Smart working: da dubbio a realtà

Ci si può improvvisare assistenti virtuali? Scopriamolo

Fino a qualche mese fa era difficile insinuare nell’ideale collettivo la possibilità di lavorare da remoto (smart working). L’ideologia classica dell’ufficio, la ventiquattrore, la scrivania e la segretaria porta-caffè era così ben radicata nella nostra cultura, soprattutto in Italia, che il lavoro da casa veniva visto soprattutto come un hobby che scansafatiche o opportunisti cercavano di spacciare come una reale professione.

smart working

Ma la pandemia da covid19 ci ha dimostrato che non è così. Lo smart working è un lavoro vero e si può fare. La maggior parte dei dipendenti di diverse aziende, su tutto il territorio nazionale, si è ritrovato a svolgere le stesse mansioni comodamente dal divano di casa propria.
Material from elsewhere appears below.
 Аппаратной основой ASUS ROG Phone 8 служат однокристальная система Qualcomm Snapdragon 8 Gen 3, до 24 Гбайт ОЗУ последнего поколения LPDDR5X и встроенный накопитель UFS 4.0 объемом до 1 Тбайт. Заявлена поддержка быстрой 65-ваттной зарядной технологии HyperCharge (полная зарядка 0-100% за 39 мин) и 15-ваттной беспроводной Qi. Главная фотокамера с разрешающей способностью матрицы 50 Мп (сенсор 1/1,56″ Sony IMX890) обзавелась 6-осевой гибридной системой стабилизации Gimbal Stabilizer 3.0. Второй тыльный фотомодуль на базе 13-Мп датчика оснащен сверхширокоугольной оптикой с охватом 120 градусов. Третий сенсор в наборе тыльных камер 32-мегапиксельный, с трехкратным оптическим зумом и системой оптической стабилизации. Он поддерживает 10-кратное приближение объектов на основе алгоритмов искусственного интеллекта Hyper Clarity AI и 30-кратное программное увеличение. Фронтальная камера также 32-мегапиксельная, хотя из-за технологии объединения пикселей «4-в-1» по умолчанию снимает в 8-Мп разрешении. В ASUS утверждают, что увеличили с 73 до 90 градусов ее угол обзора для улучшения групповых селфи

Naturalmente, però, non tutti riescono ad avere dimestichezza con app, mail, videoconferenze, social media, e altri strumenti interattivi perchè lo smart working  può essere anche improvvisato ma se non si hanno competenze professionali adatte è difficile che funzioni.
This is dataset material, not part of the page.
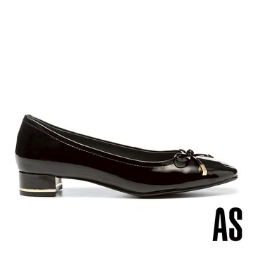 橫線淺口-瑪莉珍尖頭皮鞋-黑色

funzioni assistente virtuale

Ritorno quindi al concetto di assistente virtuale, che ho già illustrato nel mio articolo precedente, proprio per ribadire il suo essere una figura professionale, e non una semplice segretaria o centralinista, con un background di studi, corsi, strumenti ma, soprattutto, un’attitudine mentale preparata per questo tipo di lavoro.

Insomma, per lavorare da remoto non serve solo una webcam e una connessione internet ma occorre avere:

  • le idee chiare su cosa si vuol fare
  • gli strumenti giusti
  • una gestione produttiva del tempo
  • organizzazione multitasking
  • conoscenze specifiche
  • giusta mentalità

Tutti requisiti, appunto, di un’assistente virtuale.